恋。もしかしたら、僕は白野のことが・・・。
顔が茹で上がるほど熱くなる。
「黒井君・・・?」
白野が首を傾げる。僕は上手く彼女を直視できずに目を逸らして、
「な、何でもないよ」
と、明らかに何かありげな返事を返したのだった。
深呼吸。僕は自分の心を落ち着かせて、もう一度白野の顔を見る。
「僕の方からも言わせて」
僕は二人の女子生徒に金をせびられていた白野の姿を思い返す。あの時、彼女にどうして優しくするのかと尋ねられた。

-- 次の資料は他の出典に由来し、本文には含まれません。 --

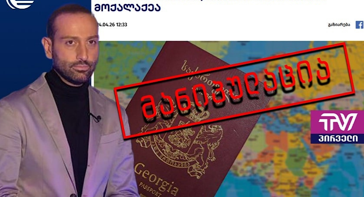 ოპოზიციური მედიის მანიპულაცია: ტელეკომპანია „ტვ პირველი“ BPN-ზე დაყრდნობით ავრცელებს 2025 წელს საქართველოს მოქალაქოების მინიჭებასთან დაკავშირებით ინფორმაციას და წერს, რომ გასულ წელს, საქართველოს მოქალაქეობა 2 333 ადამიანს მიენიჭა, რომელთაგან 60% რუსეთის მოქალაქეა.

「前に、僕が白野さんにどうして優しくするのか聞いたよね」
「うん」
「僕、その・・・白野さんと仲良くなりたかったんだ」
すると白野は微笑んだ。どこかその笑みは悪戯に映って見える。
「知ってた」
「え」
「黒井君がお金を狙ってわたしに接するような悪い人じゃないことぐらい、もう分かり切ってる」
前からずっと僕の体を襲った謎の熱、感情。それはきっと、恋だ。
だからこそ僕は白野に『仲良くなりたい』と話した。本当は彼女のことが『好き』だからだが、それを正直に話すわけにはいかない。
僕は前を見る。すでにあの横断歩道が迫っていた。
「ばいばい、黒井君」
「ばいばい、白野さん」
二人は挨拶を交わして帰り道に体を向ける。その時、雨に打たれながら、不意に白野が振り返った。

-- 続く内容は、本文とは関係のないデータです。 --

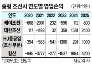 대한조선, HJ중공업, 케이조선 등 국내 중형 조선 3사도 HD현대, 한화오션, 삼성중공업 등 대형 3사와 함께 고공행진하고 있다. 2010년대 초반 이후 처음으로 중형 조선 3사가 동반 흑자를 기록하는 것은 물론 내년엔 모두 1000억원 이상의 영업이익을 낼 전망이다. 10년 전만 해도 조(兆) 단위 손실을 낸 중형 조선사의 부활을 이끈 건 역시 ‘조선업 슈퍼사이클’이다. HD현대중공업 등 대형 조선사의 독이 꽉 차자 중형 조선사로 일감이 넘어가는 ‘낙수효과’가 본격화한 것이다.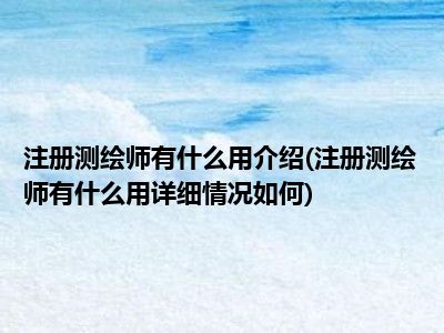 想必现在有很多小伙伴对于注册测绘师有什么用方面的知识都比较想要了解,那么今天小好小编就为大家收集了一些关于注册测绘师有什么用方面的知识分享给大家,希望大家会喜欢哦。

「わたしも・・・ううん、私も黒井君と仲良くなりたい」
僕は思わず言葉を失った。
それは嬉しさのせいでもあったが単純に、雨の中でも輝いて見える彼女のその眩しい笑みに、心が奪われたからだろう。
僕も少し間を置いて笑みを返す。
「ありがとう、白野さん」
「こちらこそありがとう、黒井君」
それだけ言って、白野は走り去った。
一人残された僕は傘の中を見上げる。
紺色の水玉模様の傘。入学したばかりの頃から変わらず使っているせいか、支えの部分の鉄が錆びている。
僕は前を向いた。信号が青になったので横断歩道を渡る。
いつもより足が軽くなった気がした。